• _Requirement_
Transcribe the whole listing below. Pictures do not go in the copy.

• _Information provided_
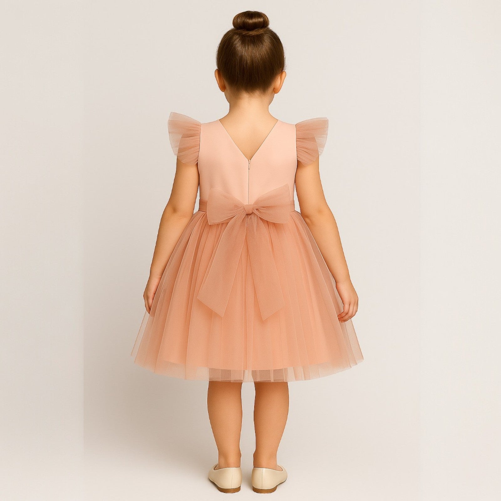 This powder pink dress for girls is the perfect choice for special occasions. Crafted from delicate tulle , it looks incredibly elegant. Elegant floral details add a touch of charm. Sleeveless , it allows for freedom of movement. Perfect for spring and summer days, the top is made of soft cotton for comfort, while the bottom is made of lightweight polyester . The dress has no pockets and fastens at the back. This product is designed for girls.
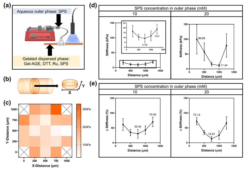 图3.通过基于扩散的微流体技术制备的水凝胶丝横截面的力学特性。
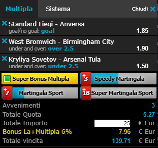 Scommesse vincenti 29-03-19 Book Consigliati e Recensiti 1 15 € GRATIS + 1024 € 4.8 / 5 TOTAL SCORE Check >>> Check >>> 2 30 euro + 20 giocate gratis 3.9 / 5 TOTAL SCORE Check >>> Check >>> 3 5 € GRATIS + 300 4.6 / 5 TOTAL SCORE Check >>> Check >>> 4 100 € sulla prima scommessa 4.8 / 5 TOTAL SCORE Check >>> Check >>>

• _Completed exercise_
 This powder pink dress for girls is the perfect choice for special occasions. Crafted from delicate tulle , it looks incredibly elegant. Elegant floral details add a touch of charm. Sleeveless , it allows for freedom of movement. Perfect for spring and summer days, the top is made of soft cotton for comfort, while the bottom is made of lightweight polyester . The dress has no pockets and fastens at the back. This product is designed for girls.
 图3.通过基于扩散的微流体技术制备的水凝胶丝横截面的力学特性。
 Scommesse vincenti 29-03-19 Book Consigliati e Recensiti 1 15 € GRATIS + 1024 € 4.8 / 5 TOTAL SCORE Check >>> Check >>> 2 30 euro + 20 giocate gratis 3.9 / 5 TOTAL SCORE Check >>> Check >>> 3 5 € GRATIS + 300 4.6 / 5 TOTAL SCORE Check >>> Check >>> 4 100 € sulla prima scommessa 4.8 / 5 TOTAL SCORE Check >>> Check >>>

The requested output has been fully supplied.